(Exercise brief) Write out every record exactly as it appears. Skip the pictures.

(Available records)
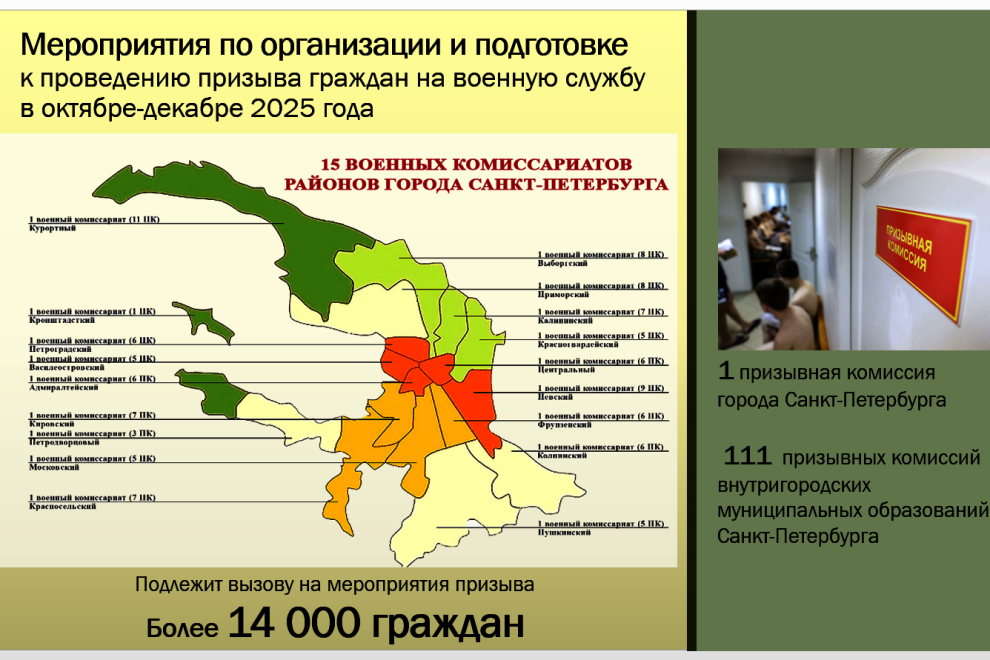 Призывная кампания начнется 1 октября и продлится до 31 декабря. Ее организует военный комиссариат Санкт‑Петербурга. В соответствии с Указом президента содействие оказывают исполнительные органы государственной власти и местного самоуправления. Призывные комиссии созданы в каждом муниципальном образовании под председательством глав местных администраций, сообщает пресс-служба Смольного.
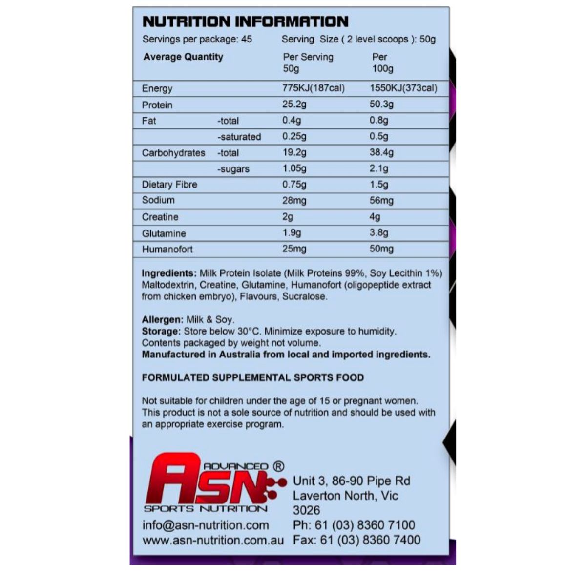 Advanced Sports Nutrition MP50 boasts a powerful blend of 25+ grams of milk protein isolate per serve, alongside added creatine, humanofort and glutamine. This unique combination ensures both rapid and sustained amino acid delivery, supporting immediate muscle repair and prolonged muscle protein synthesis. Enriched with essential amino acids and BCAAs, MP50 enhances muscle endurance, reduces fatigue, and supports recovery post-exercise. The formula is low in fat and sugar, making it an ideal choice for those focused on maintaining lean muscle mass while maximising their gains.
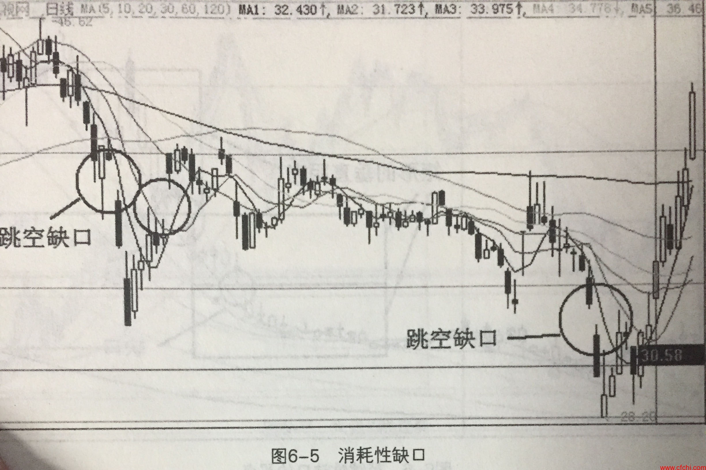 消耗性缺口:大多在恐慌性抛售或消耗性上升的末段出现。在急速的上升或下跌中,这时价格的跳升(或跳空下跌)可能发生,此缺口就是消耗性缺口。
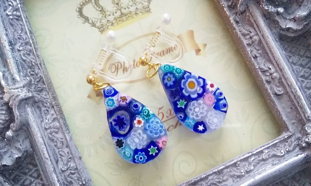 ミニしずく型のミルフィオリイヤリングになります。樹脂タイプなので、アレルギーの方でも安心してお使い頂けます。
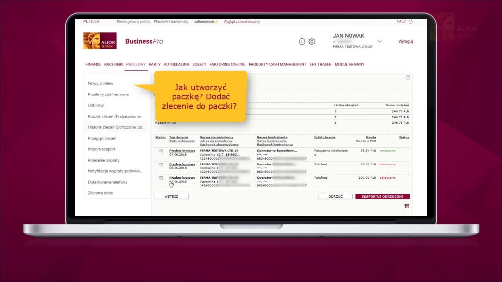 Bankowość internetowa Alior Banku oferuje szeroki wachlarz funkcji, które pokrywają większość potrzeb klientów indywidualnych i firmowych. Można w niej m.in. przeprowadzać przelewy krajowe i zagraniczne, zarządzać limitami kredytowymi, konfigurować autoodbiorców, prowadzić inwestycje czy korzystać z kredytów online. Platforma umożliwia również podgląd i pobieranie wyciągów, analizę wydatków oraz korzystanie z poczty bankowej. Wszystkie operacje są chronione zaawansowanym systemem uwierzytelniania, co czyni bankowość internetową zarówno efektywną, jak i niezawodną.
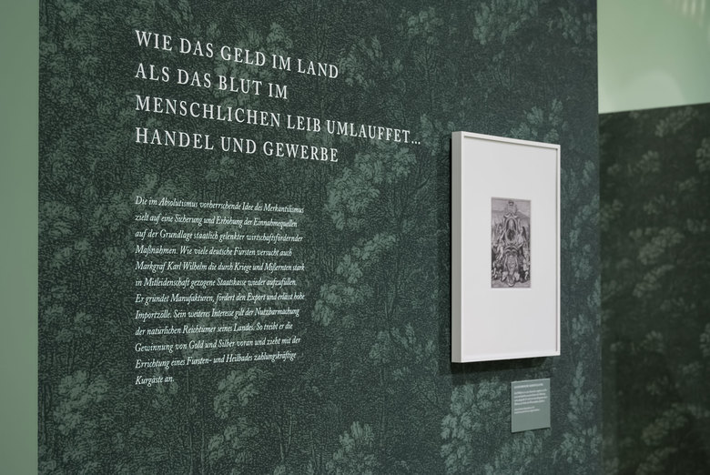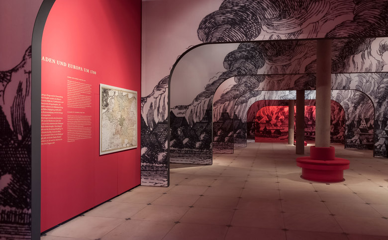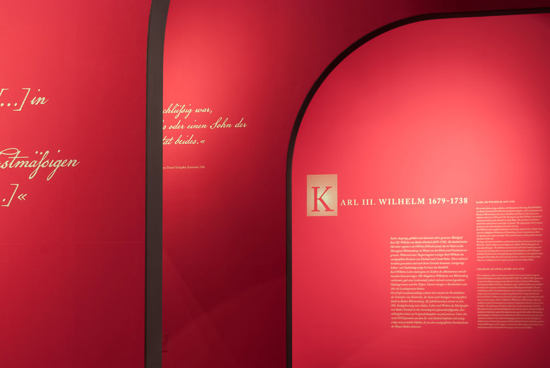 Die Landesausstellung führt chronologisch durch das Leben des badischen Markgrafen und Karlsruher Stadtgründers, das anhand seiner großen Lebensthemen präsentiert wird: Barockes Theater, Stadtplanung und Gärten. Die gesamte Ausstellungsarchitektur ist auf die Perspektivwirkung der Zentralachse, das klassische Symbol des Barock, hinzugeschnitten.
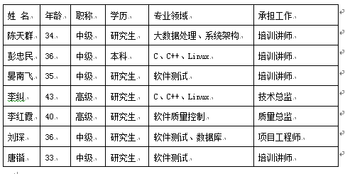 中心以高素质、专家型项目咨询队伍为核心,坚持统一整体化运作、动态团队式项目协作、透明开放型业务平台,建立了全方位的资源合作网络,与湖南省各高校及科研机构建立了长期、稳定的科技合作关系。公司全部人员均具有本科以上学历,专业涵盖计算机、软件开发、企业管理、人力资源、投资管理、信息情报等专业,形成了良好的学历结构和知识梯队结构。参与本次校企合作人才培养示范基地建设的教师信息如表2所示。
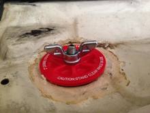Passenger side area with Cowl removed - the red plug is my home made cover
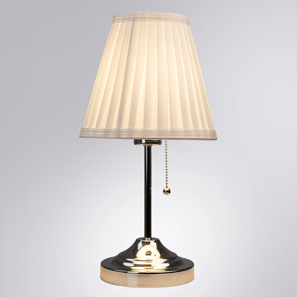 Настольная лампа Arte Lamp MARRIOT A5039TL-1CC в стиле неоклассика. Плафон из белого текстиля направляет свет вверх, создавая мягкое рассеянное освещение. Изящная металлическая арматура хромированного цвета добавляет интерьеру элегантности. Лампа подходит для использования со светодиодными лампами и лампами накаливания. Идеальное решение для организации комфортного рабочего места или уютного уголка для чтения.
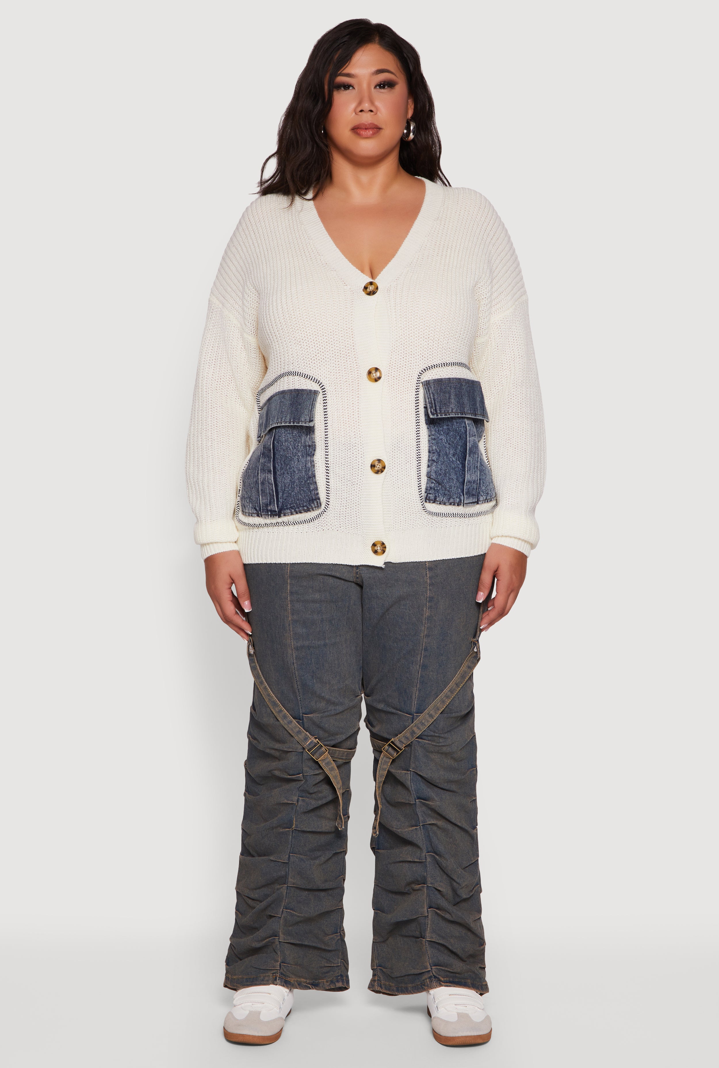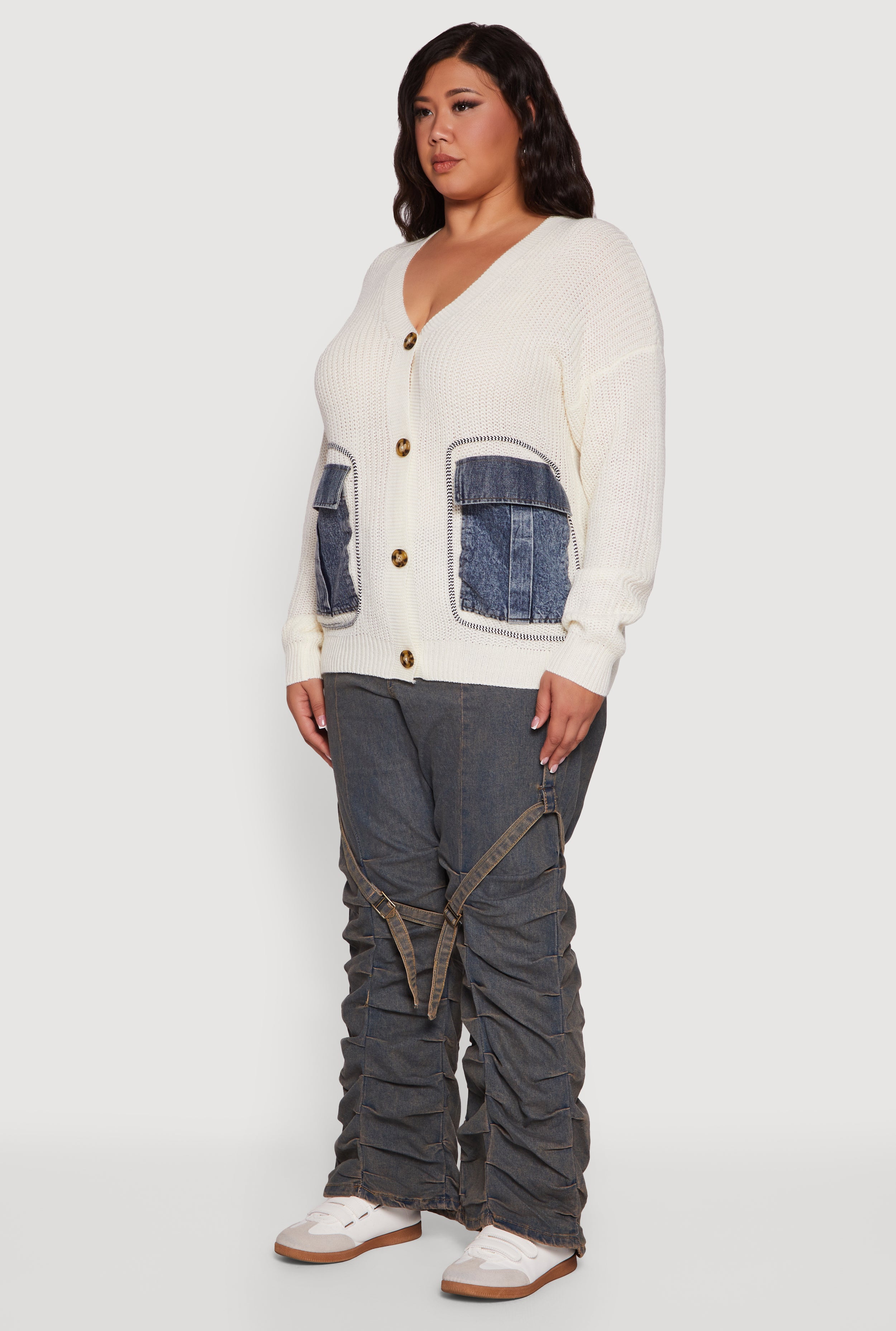 Step up your casual game with this Plus Size Denim Pocket Contrast Trim Button Front Cardigan. Designed with a classic fit that flatters every curve, this cardigan features a trendy color-blocked design and contrast trim that adds just the right pop. The V-neckline and long sleeves with drop shoulder styling make it effortlessly cool and comfortable for everyday wear. Perfect for layering, it’s got handy denim cargo pockets that blend style with function. Whether you’re out with friends or running errands, this cardigan brings streetwear vibes with a cozy twist.
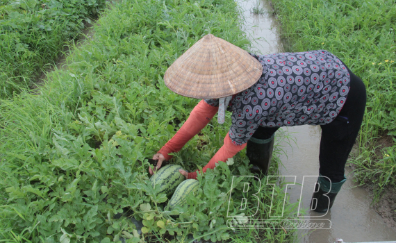 Nông dân xã Nguyên Xá (Đông Hưng) thu hoạch dưa.
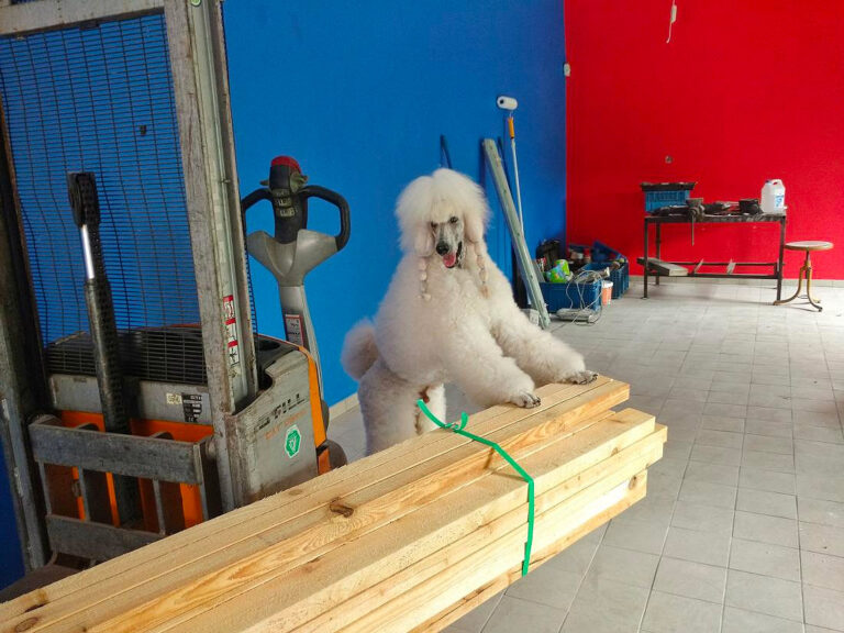 W Przyjaciel Pudel Centrum trwają prace wykończeniowe. Nasze psy Sojer i Dżejkob skorzystali już z drzemki w swoich nowych budach. Brakuje jeszcze zasłonek w wejściach gwarantujących im intymność podczas odpoczynku oraz ciepłej i miękkiej podłogi. Wszystko to już wkrótce.
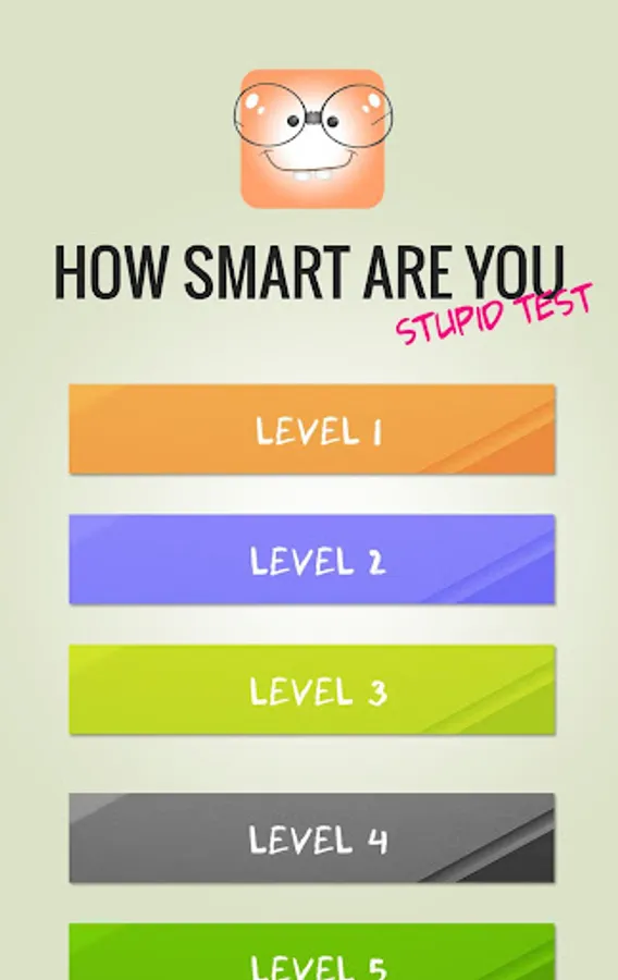 Graduate from Stupid level to Genius level as you use test your brain to answer the quiz! Master the quiz and improve your IQ, then laugh as your friends and family try these seemingly simple test!

(Solution for this task)
 Призывная кампания начнется 1 октября и продлится до 31 декабря. Ее организует военный комиссариат Санкт‑Петербурга. В соответствии с Указом президента содействие оказывают исполнительные органы государственной власти и местного самоуправления. Призывные комиссии созданы в каждом муниципальном образовании под председательством глав местных администраций, сообщает пресс-служба Смольного.
 Advanced Sports Nutrition MP50 boasts a powerful blend of 25+ grams of milk protein isolate per serve, alongside added creatine, humanofort and glutamine. This unique combination ensures both rapid and sustained amino acid delivery, supporting immediate muscle repair and prolonged muscle protein synthesis. Enriched with essential amino acids and BCAAs, MP50 enhances muscle endurance, reduces fatigue, and supports recovery post-exercise. The formula is low in fat and sugar, making it an ideal choice for those focused on maintaining lean muscle mass while maximising their gains.
 消耗性缺口:大多在恐慌性抛售或消耗性上升的末段出现。在急速的上升或下跌中,这时价格的跳升(或跳空下跌)可能发生,此缺口就是消耗性缺口。
 ミニしずく型のミルフィオリイヤリングになります。樹脂タイプなので、アレルギーの方でも安心してお使い頂けます。
 Bankowość internetowa Alior Banku oferuje szeroki wachlarz funkcji, które pokrywają większość potrzeb klientów indywidualnych i firmowych. Można w niej m.in. przeprowadzać przelewy krajowe i zagraniczne, zarządzać limitami kredytowymi, konfigurować autoodbiorców, prowadzić inwestycje czy korzystać z kredytów online. Platforma umożliwia również podgląd i pobieranie wyciągów, analizę wydatków oraz korzystanie z poczty bankowej. Wszystkie operacje są chronione zaawansowanym systemem uwierzytelniania, co czyni bankowość internetową zarówno efektywną, jak i niezawodną.
 Die Landesausstellung führt chronologisch durch das Leben des badischen Markgrafen und Karlsruher Stadtgründers, das anhand seiner großen Lebensthemen präsentiert wird: Barockes Theater, Stadtplanung und Gärten. Die gesamte Ausstellungsarchitektur ist auf die Perspektivwirkung der Zentralachse, das klassische Symbol des Barock, hinzugeschnitten.
 中心以高素质、专家型项目咨询队伍为核心,坚持统一整体化运作、动态团队式项目协作、透明开放型业务平台,建立了全方位的资源合作网络,与湖南省各高校及科研机构建立了长期、稳定的科技合作关系。公司全部人员均具有本科以上学历,专业涵盖计算机、软件开发、企业管理、人力资源、投资管理、信息情报等专业,形成了良好的学历结构和知识梯队结构。参与本次校企合作人才培养示范基地建设的教师信息如表2所示。
Passenger side area with Cowl removed - the red plug is my home made cover
 Настольная лампа Arte Lamp MARRIOT A5039TL-1CC в стиле неоклассика. Плафон из белого текстиля направляет свет вверх, создавая мягкое рассеянное освещение. Изящная металлическая арматура хромированного цвета добавляет интерьеру элегантности. Лампа подходит для использования со светодиодными лампами и лампами накаливания. Идеальное решение для организации комфортного рабочего места или уютного уголка для чтения.
 Step up your casual game with this Plus Size Denim Pocket Contrast Trim Button Front Cardigan. Designed with a classic fit that flatters every curve, this cardigan features a trendy color-blocked design and contrast trim that adds just the right pop. The V-neckline and long sleeves with drop shoulder styling make it effortlessly cool and comfortable for everyday wear. Perfect for layering, it’s got handy denim cargo pockets that blend style with function. Whether you’re out with friends or running errands, this cardigan brings streetwear vibes with a cozy twist.
 Nông dân xã Nguyên Xá (Đông Hưng) thu hoạch dưa.
 W Przyjaciel Pudel Centrum trwają prace wykończeniowe. Nasze psy Sojer i Dżejkob skorzystali już z drzemki w swoich nowych budach. Brakuje jeszcze zasłonek w wejściach gwarantujących im intymność podczas odpoczynku oraz ciepłej i miękkiej podłogi. Wszystko to już wkrótce.
 Graduate from Stupid level to Genius level as you use test your brain to answer the quiz! Master the quiz and improve your IQ, then laugh as your friends and family try these seemingly simple test!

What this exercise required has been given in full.